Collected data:
BEGIN
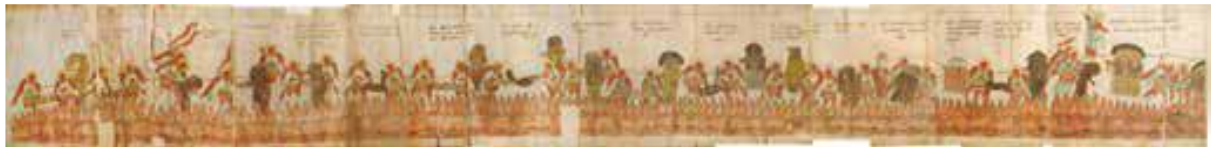
Рис. 19. Огненное море.
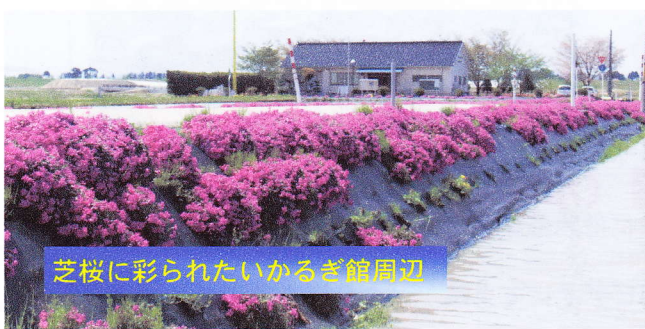
芝桜に彩られたいかるぎ館周辺
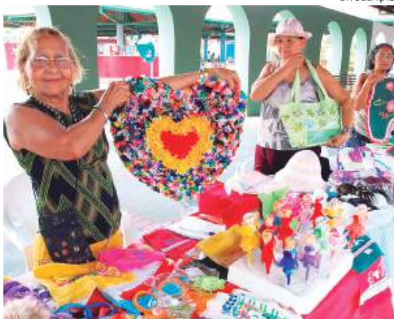
Produtos natalinos foram confeccionados por idosos

O Parque Municipal do Idoso disponibiliza três turmas do curso de Artesanato. As aulas acontecem em dois horários: de segunda a quinta-feira, das 8h às 10h30; e segunda e quarta-feira, das 13h às 15h. Cerca de cem alunas participam das aulas de artesanato.
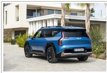
Kia EV9 GT-Line.
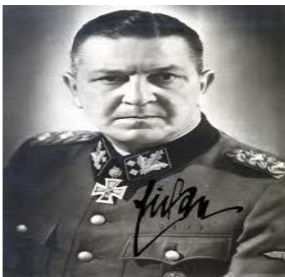
Imagen 11: Theodor Eicke
END
- Work instructions: Start with the line that holds "O Parque Municipal" and retype each line through the last one in the data, exactly and without pictures.

- Result of this exercise:
O Parque Municipal do Idoso disponibiliza três turmas do curso de Artesanato. As aulas acontecem em dois horários: de segunda a quinta-feira, das 8h às 10h30; e segunda e quarta-feira, das 13h às 15h. Cerca de cem alunas participam das aulas de artesanato.
Kia EV9 GT-Line.
Imagen 11: Theodor Eicke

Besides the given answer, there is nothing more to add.